Now, to get one serviced, flushed with chemicals and all, is $35, if you own your own. 

My area is probably a little higher due to the oil field activity, but it is what it is. 

I am thinking about building my own trash trailer, or two of them, and then we pull them by the service company to get them flushed when we empty the trailer. I hate renting roll-offs as bad as porta johns when we are not doing a lot of demo. Meaning I don't want to spot a 30 yard roll off for simply job site trash. https://www.sanktrailers.com/Specialty-Trailers.html

Most oil field companies do this, with two porta pots on the trailer. They do not tip, or get stolen. I have seen them use a large holding tank underneath to keep them cleaner also. 

I would mount one on a trailer, so it is a hook and pull deal. 

Some of us see things differently then others. In 5 years time, you could make yourself a lot of money back, especially if you charge the job for the toilet. And we do.


----------



## Deckhead (Dec 9, 2010)

griz said:


> by yourself?
> 
> if so WHY???


Yep by myself.

There's a circle of friends I got in with. I build one thing for one and the next wants the same thing but one step better. Theyre always trying to out spend the blast one. Keeps me busy and them happy. I don't want help, I don't manage people well at all and have no desire to learn. 

If I got help I would have to get more work. If I had to get more work I wouldn't be as involved in the design and woodworking. If I wasn't as involved in the design and woodworking I wouldn't be doing what I love. I make a living but won't get rich and Im okay with that because of the freedoms owning my own company afford me.

Most important to me is I get to take time off to be a chaperone on a field trip, I get to decide to randomly take my kids fishing, I get to spend a lot of time with my wife and kids while working... Sure I could get things done faster but right now I have work through the end of the year, I like that security.


----------



## RichVT (Feb 28, 2009)

Peter_C said:


> For one person what about a portable cassette type porta potty? Think like a mini RV type. Take the cassette home routinely and dump it in the toilet. Add some blue stuff in if it will be left for more than a day. Less than $150. Thetford is one brand, but there are others.
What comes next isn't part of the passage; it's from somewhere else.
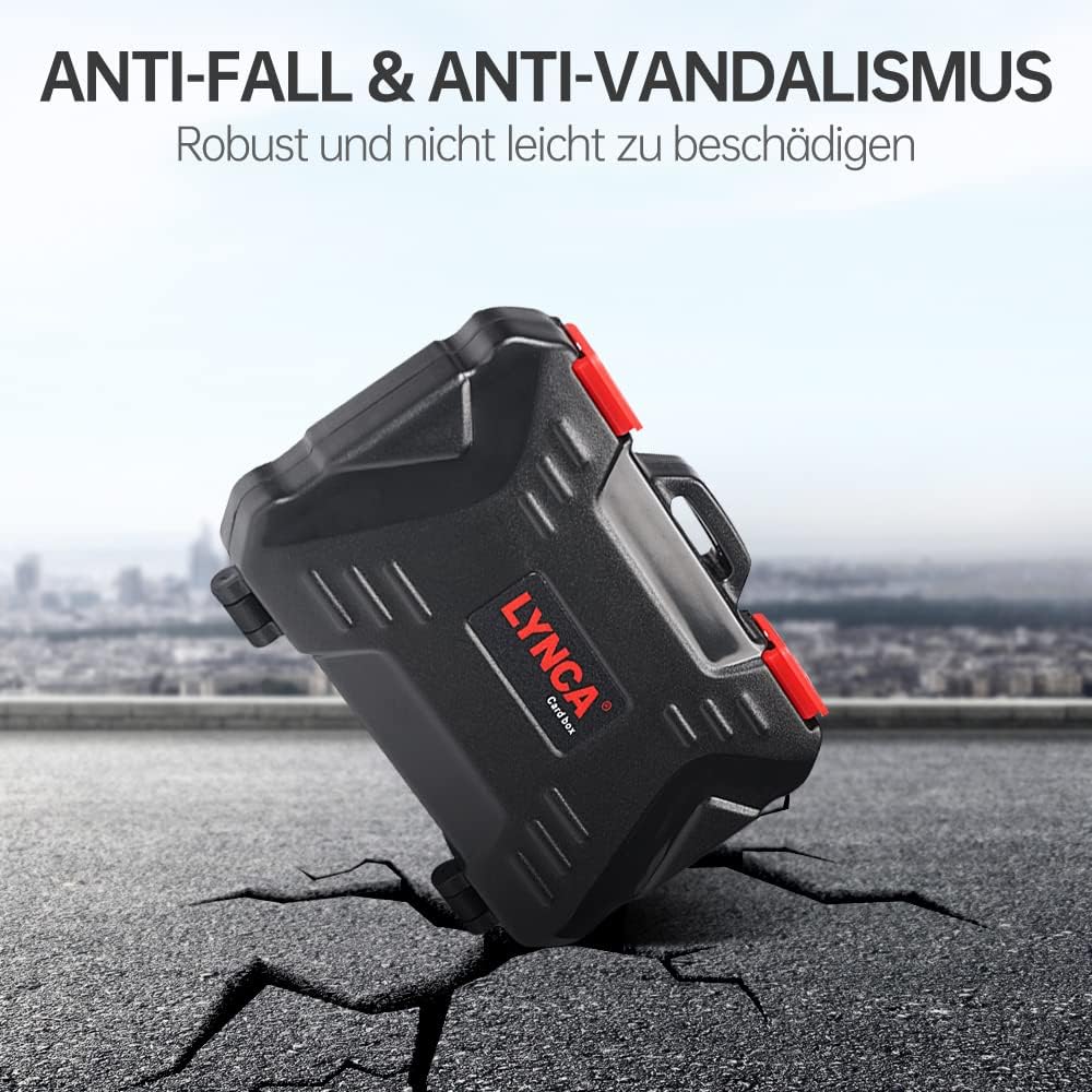 【مقاومة للماء ومضادة للصدمات】مصنوعة من مادة ايه بي اس، قوية ومتينة. حلقة إغلاق صندوق تخزين بطاقة الذاكرة مصنوعة من السيليكون المتقدم. غلاف خارجي واقٍ صلب لمعظم بطاقات الذاكرة.

This sounds like the best option for one person. Lots of different styles - just pick the one that works best for your situation. 

https://mountainsforeverybody.com/best-portable-toilets-for-camping

Much easier to store and transport between uses than a full size porta- potty.


----------



## Stryker1-1 (Dec 25, 2017)

This thread makes me thankful I'm almost always work in locations that have indoor plumbing.

Sent from my SM-G870W using Tapatalk


----------



## 91782 (Sep 6, 2012)

Deckhead said:


> Yep by myself.
> 
> There's a circle of friends I got in with. I build one thing for one and the next wants the same thing but one step better. Theyre always trying to out spend the blast one. Keeps me busy and them happy. I don't want help, I don't manage people well at all and have no desire to learn.
> 
> ...


I hear THAT !


----------



## 91782 (Sep 6, 2012)

griz said:


> Ok, i give.....
> 
> Some of you guys seem to enjoy working by yourselves....
> 
> ...


By myself, or running subs. Employees are my achilles heel.

Subs are like trainable employees.

Employees are like - well never mind.


----------



## 91782 (Sep 6, 2012)

RocketScott said:


> Everyone's situation and business model is different. I didn't ask the question so you guys could pick mine apart.
> 
> Paying for a crapper is not even close to breaking my budget. I just don't like renting, it just feels like throwing money...wait for it... down the toilet. I don't even like financing stuff.
> 
> ...


Yeah, I get the generator example.

Time is money. How much are you paying yourself to empty that thing?

If I were an employee, a well-skilled employee - would you expect me to be given the job of dealing with that thing?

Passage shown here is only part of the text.